Thursday, November 12, 2009

Time to Sweat the Small Stuff?

It's nice to give out green tips, and feel like we're helping the world. But sometimes, we just have to let loose and get it off our chests. Guess which I need to do now?

I say it's easy being green, and I really believe it is, but a lot of times it's hard to be a Greenie. Awareness is a terrible thing sometimes. I'll be honest, I get plowed under by the problems of this world really easily. How can we possibly fight the clean coal people? What about the Great Pacific Garbage Patch?? Oh no, is that ANOTHER picture of a polar bear on a tiny piece of melting ice??? It's big stuff out there. And I get discouraged.

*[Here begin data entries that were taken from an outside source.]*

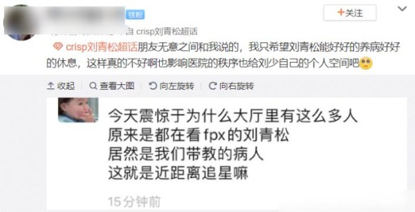 这位粉丝还发了一个信息截图出来,应该是来自医院的工作人员,信息表示医院来了很多人追星,并且点名追的是FPX刘青松,这样的情况也是非常不可取的。
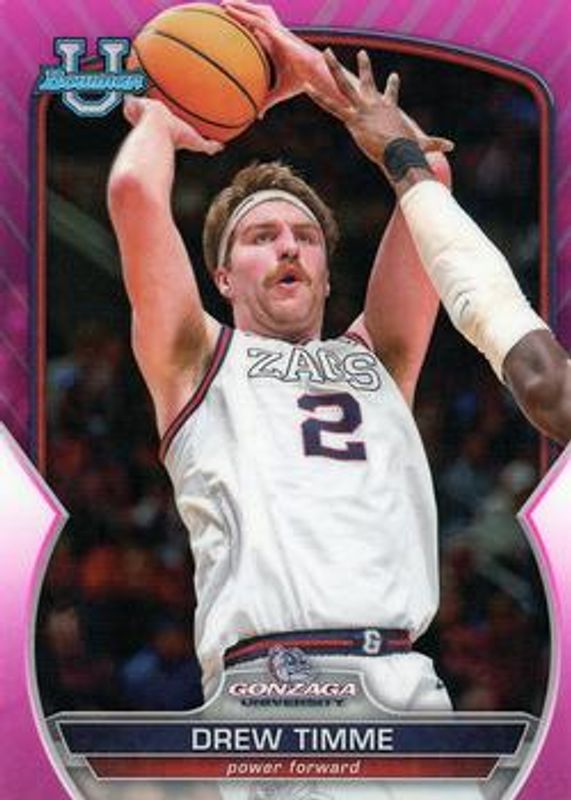 The Drew Timme 2022 Bowman Chrome University #61 Pink Refractor card is 1 of 55 Drew Timme's card variations in the 2022 Bowman Chrome University set being tracked by Sports Card Investor, including Base, Purple Shimmer Refractor, Refractor, Shimmer Refractor, and Purple Mini-Diamond Refractor /399.
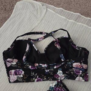 Torrid 2 Underwire Push-up Cut and Sew Bikini Top Black Purple Floral

And then, I see something close to home that REALLY makes me question what the heck I'm doing. I had a "Why Do I Bother" moment just yesterday. Driving to work, I observed 3 teenagers walking somewhere in Hollywood. 2 guys and a girl. The girl pulled an opened bag of Spicy Cheetos out of her massive purse. Mmmm, I love Cheetos. I smiled. Then... THEN... then, she took her gum out of her mouth and, instead of wrapping it in a tiny piece of paper and saving it to throw away later, instead of having made use of one of the millions of trash cans all over Hollywood, 5 of which they just passed, she flung her gum to the sparse grassy area between the sidewalk and the street. She smiled as she did it. She kept chatting as she did it. She didn't think twice. He companions didn't even flinch, didn't even look.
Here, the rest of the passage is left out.